# Does this seem like a good deal? 14 ft. star packge



## engine22 (Jun 18, 2008)

This will be my first summer in 6 years not working on the river, so its time to get my own setup. Unfortunately I still live on a rafting guide's budget, so a nice new setup isn't really an option. I live in Durango, and am looking for something around 14 ft. Just big enough to run things like Cataract, Westwater, Yampa, etc, but small enough for smaller rivers and town runs on the Animas. 

This guy has this boat listed on CL in the Phoenix area. He says its about 10 years old. The frame doesn't look like the greatest for multi-days, the cooler looks cheap, and it has no thwarts. Also, I have not heard very good reviews about Star rafts. Certainly don't see them in commercial use. He says it was always stored inside rolled, but 10 year old glued PVC scares me a bit. 

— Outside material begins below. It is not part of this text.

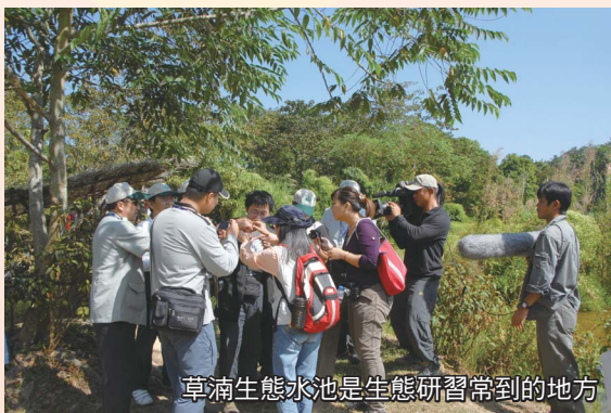
草湍生態水池是生態研習常到的地方

I may be able to get him down on price, but still wondering if you guys think it would be worth it. I'm leaning towards holding out and saving to buy a good hypalon setup that would last forever, but getting the itch bad to be on the river, and I'll be working as a wildland firefighter instead of a guide this year. Here is the link to the ad:

http://phoenix.craigslist.org/evl/boa/3704186336.html


----------



## idahofloater (Feb 23, 2011)

Its a lot of stuff but I gona say not so much a good deal. The issues I see are in the valves and just over all age. You are going to have a hard time finding replacement valves for that boat and I'm am sure they will need some attention in the next 2 year if not now! Looks like one is already missing a hard to find cap. If your guiding you might want thwarts for your customers, and a raft of that age requires tlc. That tlc adds up in $. I too would be leaning on holding out.


----------



## carvedog (May 11, 2005)

What kind of valves are they? I couldn't tell. Maybe you have some knowledge. 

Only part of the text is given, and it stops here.